» Exercise objective
With the pictures omitted, output word for word the lines from the one containing "Basert på statistikk" through the end of the records.

» Listed entries

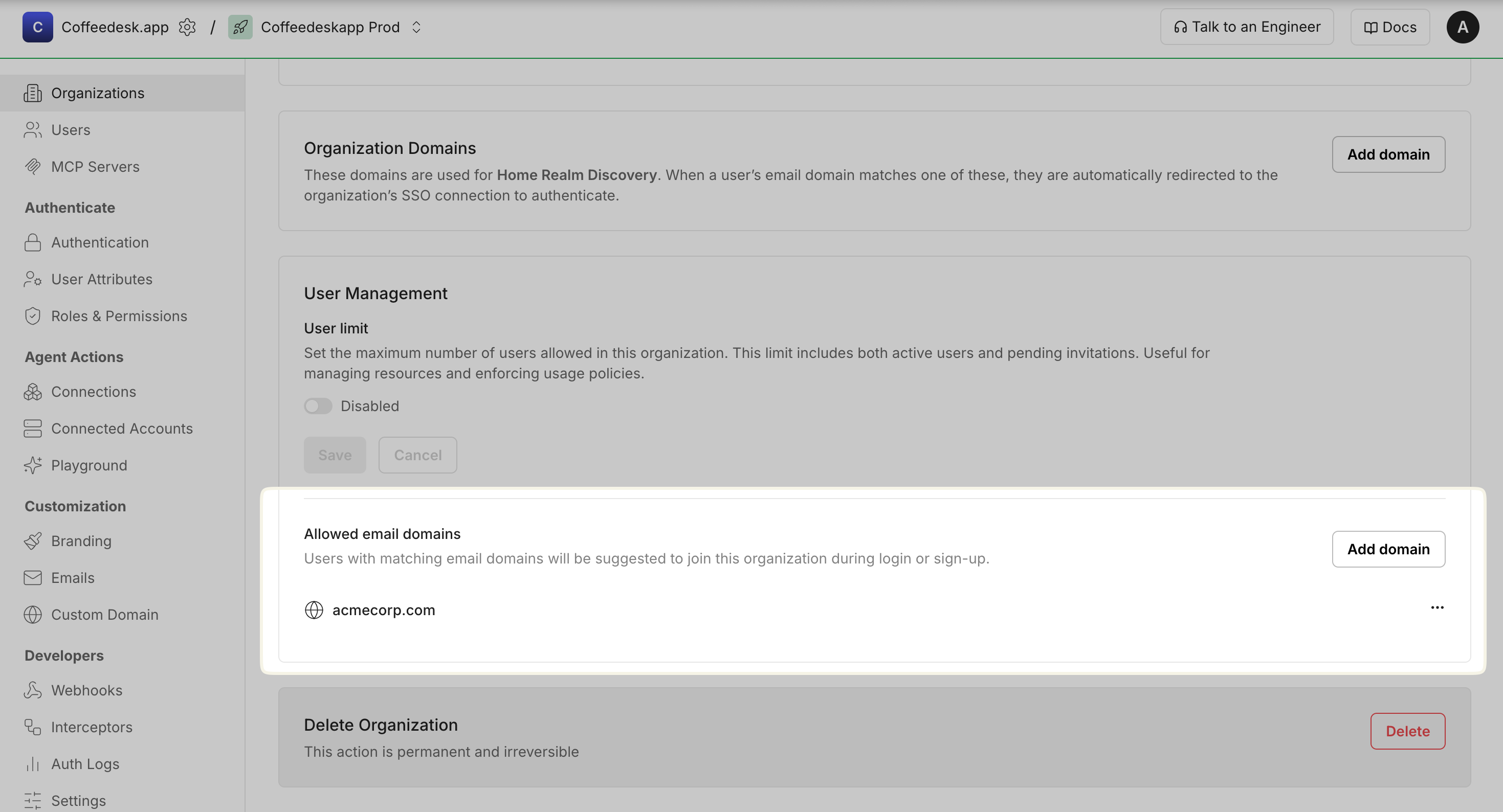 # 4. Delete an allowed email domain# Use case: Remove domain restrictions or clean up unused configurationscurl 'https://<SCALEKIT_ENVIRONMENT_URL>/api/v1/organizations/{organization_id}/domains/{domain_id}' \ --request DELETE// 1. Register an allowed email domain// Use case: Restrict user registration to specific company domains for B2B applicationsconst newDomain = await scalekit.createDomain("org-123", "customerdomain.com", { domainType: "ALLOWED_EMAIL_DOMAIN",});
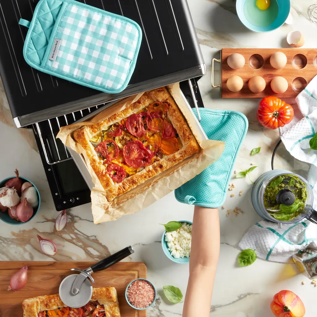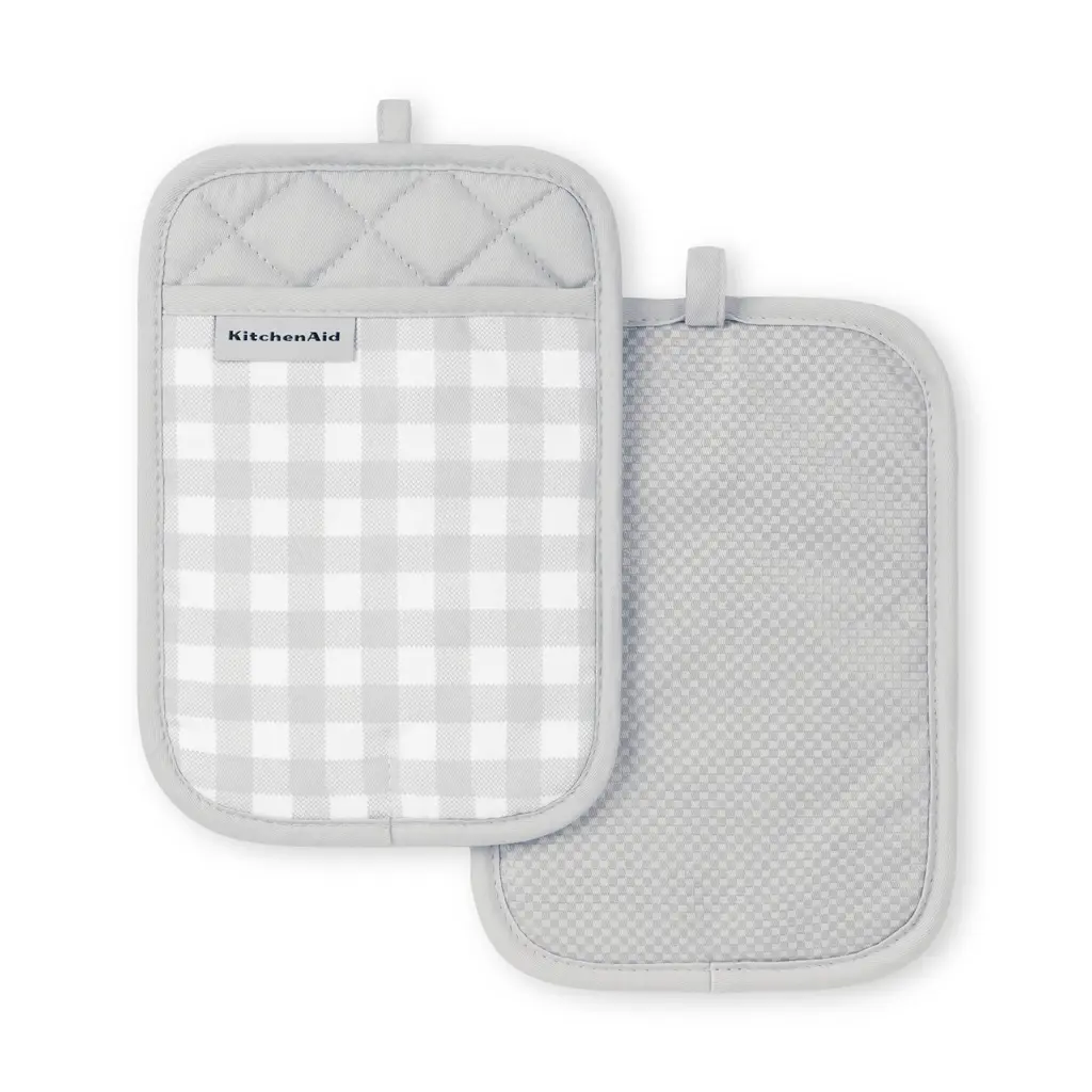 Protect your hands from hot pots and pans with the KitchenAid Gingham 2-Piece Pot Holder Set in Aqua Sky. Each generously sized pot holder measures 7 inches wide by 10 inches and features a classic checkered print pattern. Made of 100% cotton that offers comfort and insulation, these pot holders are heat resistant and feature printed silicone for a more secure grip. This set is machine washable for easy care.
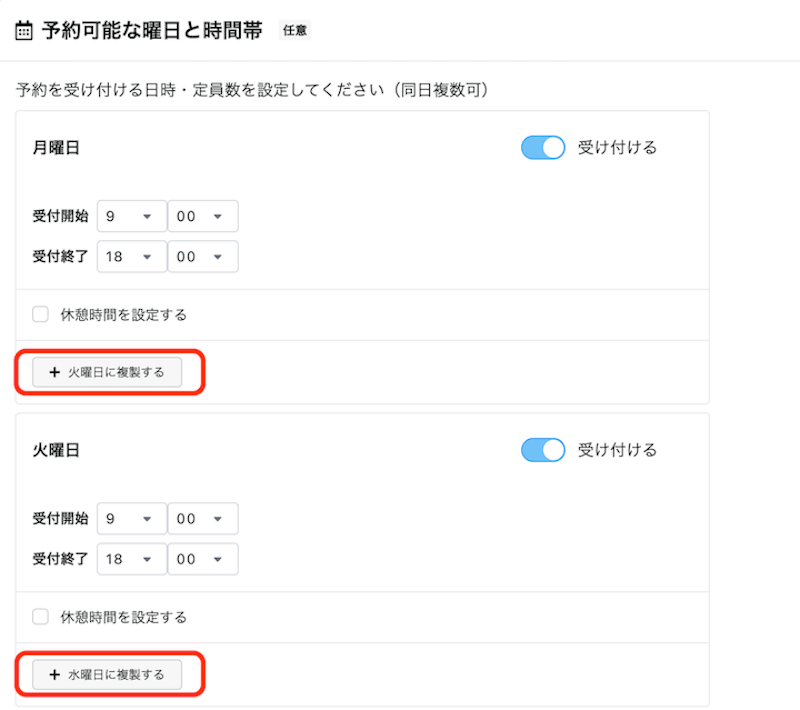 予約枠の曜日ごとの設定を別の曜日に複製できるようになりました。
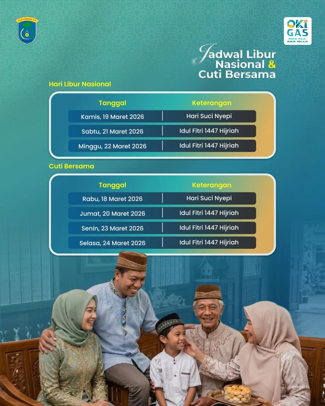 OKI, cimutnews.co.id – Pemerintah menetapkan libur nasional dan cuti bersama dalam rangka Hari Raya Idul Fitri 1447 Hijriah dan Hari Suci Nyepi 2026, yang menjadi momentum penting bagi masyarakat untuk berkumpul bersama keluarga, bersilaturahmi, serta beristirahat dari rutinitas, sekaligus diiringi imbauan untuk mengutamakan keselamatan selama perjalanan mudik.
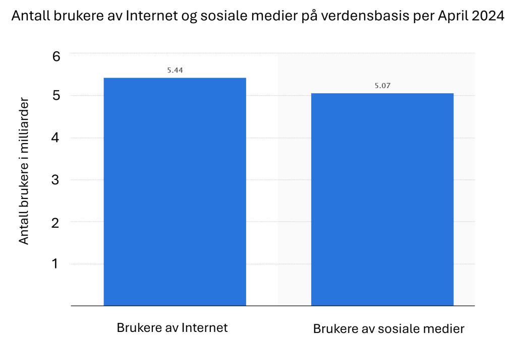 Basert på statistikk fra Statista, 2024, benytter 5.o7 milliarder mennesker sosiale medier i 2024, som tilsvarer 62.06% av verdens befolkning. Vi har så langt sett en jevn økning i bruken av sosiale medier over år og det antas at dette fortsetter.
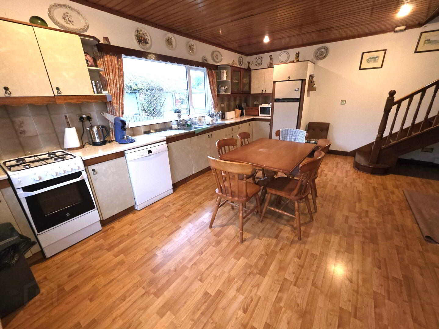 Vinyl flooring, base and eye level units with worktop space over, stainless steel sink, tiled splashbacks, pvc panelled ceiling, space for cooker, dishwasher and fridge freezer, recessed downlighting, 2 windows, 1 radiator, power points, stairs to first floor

» Result of this exercise
 Basert på statistikk fra Statista, 2024, benytter 5.o7 milliarder mennesker sosiale medier i 2024, som tilsvarer 62.06% av verdens befolkning. Vi har så langt sett en jevn økning i bruken av sosiale medier over år og det antas at dette fortsetter.
 Vinyl flooring, base and eye level units with worktop space over, stainless steel sink, tiled splashbacks, pvc panelled ceiling, space for cooker, dishwasher and fridge freezer, recessed downlighting, 2 windows, 1 radiator, power points, stairs to first floor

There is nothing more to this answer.